Mental Health Awareness Month, observed every May, is a time to raise awareness about mental health, break the stigma and support people with mental illness.
Each condition has its own unique symptoms, but common signs of mental illness include the following:
- Feeling sad, irritable or angry for an extended time
- Feeling excessively paranoid, worried or anxious
- Experiencing extreme mood swings
- Avoiding friends and social activities
- Changing eating habits due to increased hunger or lack of appetite
- Having trouble sleeping or making dramatic sleeping pattern changes
One or two of these symptoms alone can’t predict a mental illness, but they may indicate a need for further evaluation.
Taking Care of Yourself
One way to improve your mental health is through self-care. Self-care looks different for every person since it involves doing things that you enjoy or need.
Here are some ideas for how to practice self-care:
- Live healthy by eating well, getting enough sleep and exercising regularly.
- Connect regularly with friends and family who encourage and support you.
- Pamper yourself by watching your favorite TV show, taking a bath, applying a face mask, getting a massage or reading a book.
- Find ways to relax, including meditating, practicing yoga, going on a nature walk or baking.

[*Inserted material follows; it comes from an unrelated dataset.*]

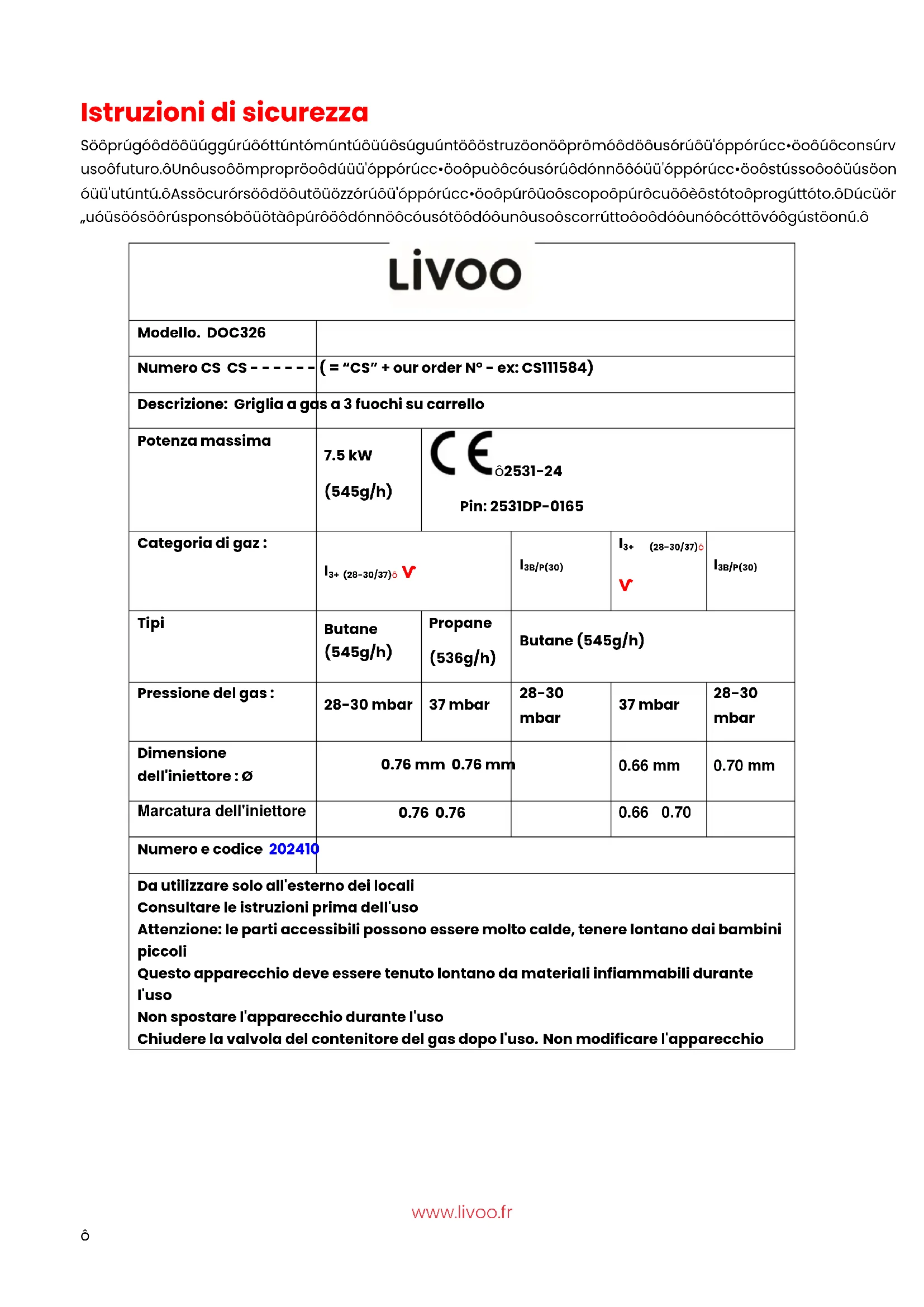 @Livoo ITwww.livoo.fr Istruzioni di sicurezza Si prega di leggere attentamente le seguenti istruzioni prima di usare l'apparecchio e conservarle per un uso futuro. Un uso improprio dell'apparecchio può causare danni all'apparecchio stesso o lesioni all'utente. Assicurarsi di utilizzare l'apparecchio per lo scopo per cui è stato progettato. Decliniamo qualsiasi responsabilità per i danni causati da un uso scorretto o da una cattiva gestione. Modello. DOC326 Numero CS CS - - - - - - ( = “CS” + our order N° - ex: CS111584) Descrizione: Griglia a gas a 3 fuochi su carrello Potenza massima

The goal is to try to do something you enjoy every day. If you have concerns about a loved one’s or your mental health, contact a doctor or mental health professional.
Skin Cancer and You
One in 5 Americans will be diagnosed with skin cancer in their lifetime. That makes skin cancer the most common cancer in the United States. Fortunately, skin cancer is highly preventable by avoiding excessive sun exposure.
May is Skin Cancer Awareness Month, but sun protection is important year-round. Here are a few tips to protect yourself outdoors:
- Stay in the shade under an umbrella, tree or other shelter. Avoid the sun between 10 a.m. and 4 p.m., when the rays are the strongest.

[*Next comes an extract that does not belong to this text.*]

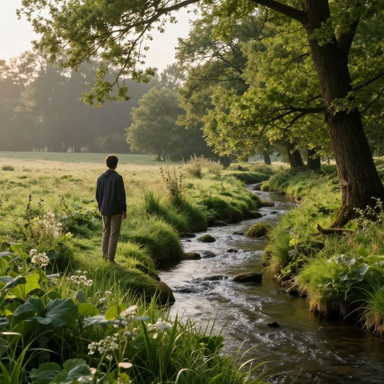 Photograph of a stone arch bridge spanning a calm river, with two silhouetted figures standing at the top. The bridge is constructed from dark, weathered stones and features an arched shape. Surrounding the bridge, dense green foliage from tall trees frames the scene, with sunlight filtering through, casting a soft glow. The river below reflects the greenery and sky, with a gentle current visible. The background shows a bright sky transitioning from day to evening. The image has a serene, picturesque quality, emphasizing natural beauty and tranquility.

- Wear dark-colored clothes made of tightly woven fabrics and a hat that shields your face, neck and ears.
- Wear sunglasses to protect your eyes and the skin around your eyes.
- Use sunscreen that is at least SPF 30, applying it all over your body and lips. Reapply at least every two hours—and after swimming or sweating.

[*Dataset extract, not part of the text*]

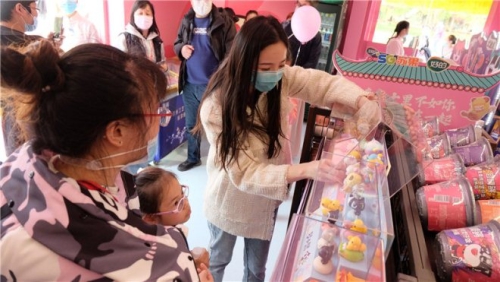 步入樱花节主会场,映入眼帘的是粉蓝相间的苏果“好的”春风客栈,无论是黄色的灯笼、红色的立柱、蓝色的屋檐,还是身着汉服演奏古筝、琵琶的工作人员,都仿佛让人置身于武侠小说的场景,不少游客在客栈外拍照、直播。作为一家主题便利店,客栈内部以粉色为基调,装饰以樱花元素,与樱花节主题呼应,货架排列整齐、商品种类丰富,犹如江湖侠客进店之后,“一笑千里尽长歌,三餐四季在此间”。
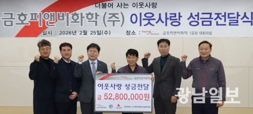 구자성 금호피앤비화학㈜ 부사장은 “임직원의 자발적인 참여로 마련된 성금이 지역사회에 작은 희망이 되길 바란다”며 “앞으로도 지역과 함께 성장하는 기업으로서 사회적 책임을 다하겠다”고 말했다.

Routinely inspect your skin for any spots or changes in color or appearance. If you have any concerns, see your doctor.
Fast Food and Heart Health
Fast food is highly processed and contains unhealthy trans fats, especially when food items are fried in oil. Eating fried food may increase your risk for heart disease and stroke.
According to new research, people who ate the most fried food per week had a 28% higher risk of major cardiovascular events, compared with those who ate the least. Those people also had a 22% greater risk of heart disease—and a 37% elevated risk of heart failure.
Along with choosing baked or grilled items, consider the following heart-healthy alternatives to fried food:
- Skinless poultry and fish
- A variety of fruits and vegetables
- Low-fat dairy products
- Whole grains
Limit your daily intake of fast food, and talk to your doctor if you have questions.